• _Problem to work on_
Two lines mark the range in the entries below: the one holding "Был обнаружен пробитый" and the one holding "Necklace and bracelet". Set down those two and all lines between them, exactly.

• _Data for this exercise_
*** Block opens ***
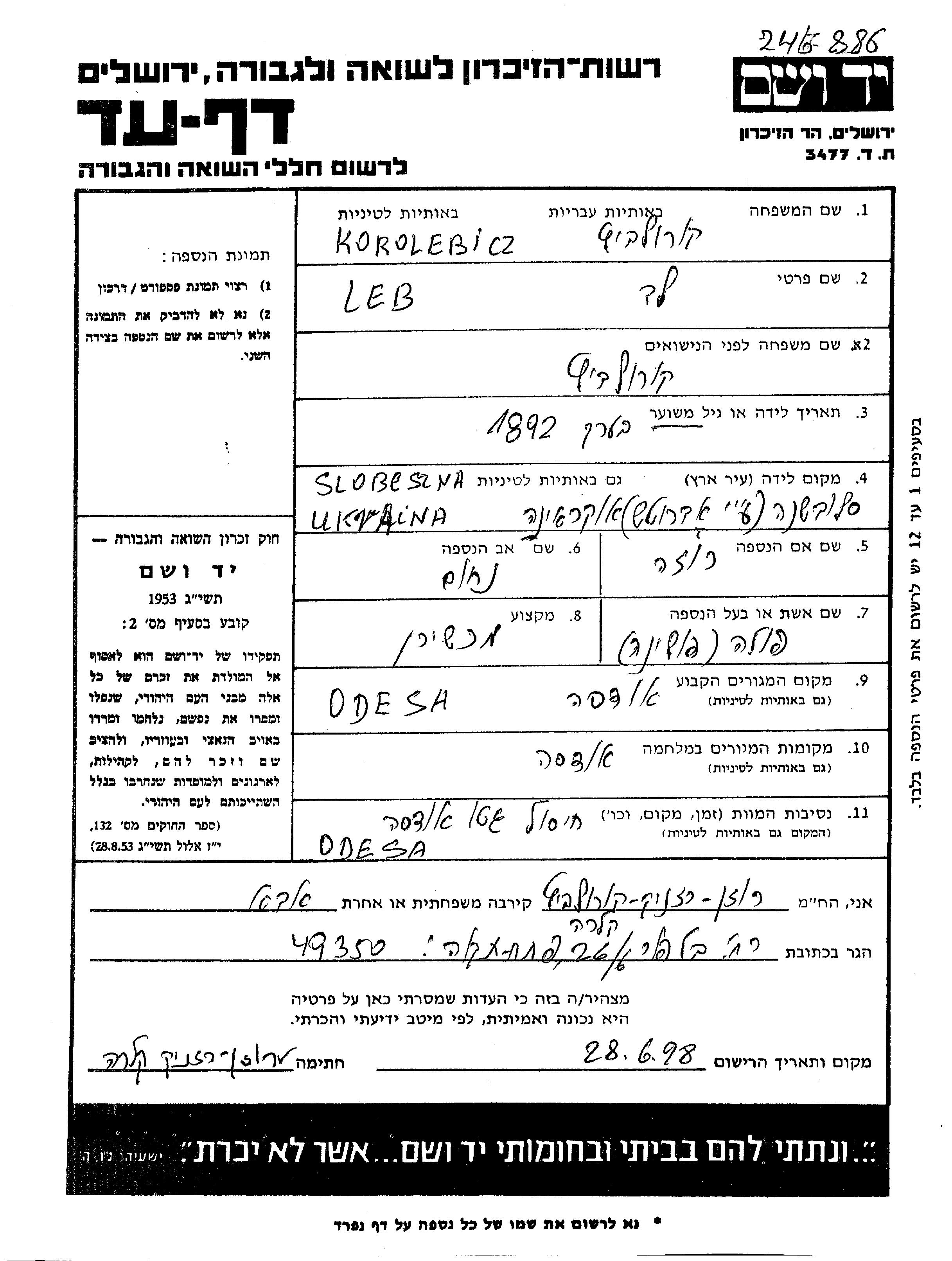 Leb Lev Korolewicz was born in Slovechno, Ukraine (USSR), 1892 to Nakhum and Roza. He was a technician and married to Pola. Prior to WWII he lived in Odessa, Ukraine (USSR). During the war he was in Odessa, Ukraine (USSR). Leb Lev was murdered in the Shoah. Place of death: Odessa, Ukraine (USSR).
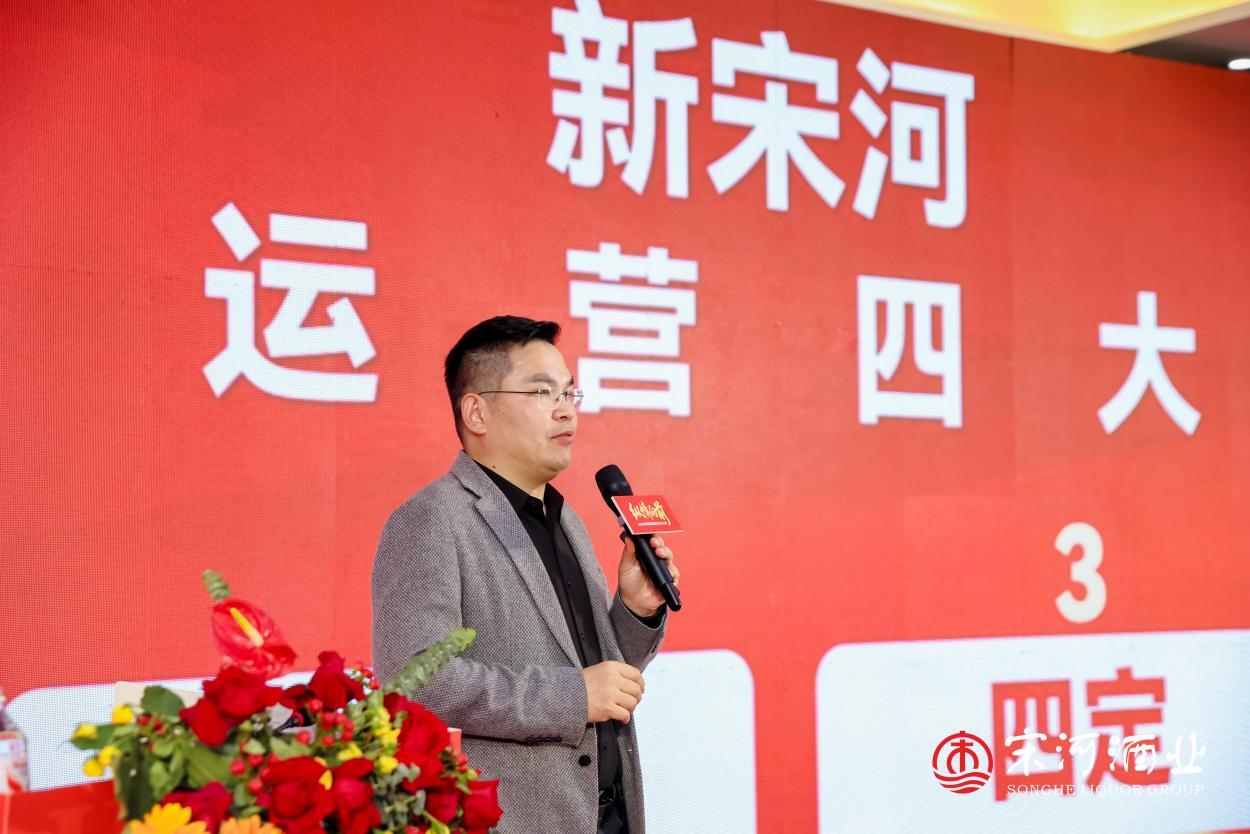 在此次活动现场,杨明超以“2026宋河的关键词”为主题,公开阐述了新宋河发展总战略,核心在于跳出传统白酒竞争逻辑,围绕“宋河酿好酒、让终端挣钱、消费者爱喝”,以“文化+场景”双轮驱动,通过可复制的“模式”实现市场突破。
*** Block closes ***
*** Block opens ***
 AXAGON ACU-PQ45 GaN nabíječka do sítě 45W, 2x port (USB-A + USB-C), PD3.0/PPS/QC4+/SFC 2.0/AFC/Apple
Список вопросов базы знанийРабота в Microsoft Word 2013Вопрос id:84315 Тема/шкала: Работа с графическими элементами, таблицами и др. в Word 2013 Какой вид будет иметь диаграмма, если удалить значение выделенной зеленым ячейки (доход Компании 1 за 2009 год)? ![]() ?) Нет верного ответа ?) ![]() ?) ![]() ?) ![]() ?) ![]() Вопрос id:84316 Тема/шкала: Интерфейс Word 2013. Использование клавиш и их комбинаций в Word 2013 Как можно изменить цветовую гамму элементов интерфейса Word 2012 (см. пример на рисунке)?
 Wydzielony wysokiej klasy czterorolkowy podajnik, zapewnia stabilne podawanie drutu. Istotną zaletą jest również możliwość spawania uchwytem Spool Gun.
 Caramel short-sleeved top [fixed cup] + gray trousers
*** Block closes ***
*** Block opens ***
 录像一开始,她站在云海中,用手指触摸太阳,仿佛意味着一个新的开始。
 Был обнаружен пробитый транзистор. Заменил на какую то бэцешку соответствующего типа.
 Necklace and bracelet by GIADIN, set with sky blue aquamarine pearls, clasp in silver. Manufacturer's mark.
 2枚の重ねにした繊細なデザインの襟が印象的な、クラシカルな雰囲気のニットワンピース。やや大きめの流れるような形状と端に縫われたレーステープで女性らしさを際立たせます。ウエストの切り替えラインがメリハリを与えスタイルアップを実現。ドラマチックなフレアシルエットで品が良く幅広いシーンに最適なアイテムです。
*** Block closes ***
• _Answer space_
 Был обнаружен пробитый транзистор. Заменил на какую то бэцешку соответствующего типа.
 Necklace and bracelet by GIADIN, set with sky blue aquamarine pearls, clasp in silver. Manufacturer's mark.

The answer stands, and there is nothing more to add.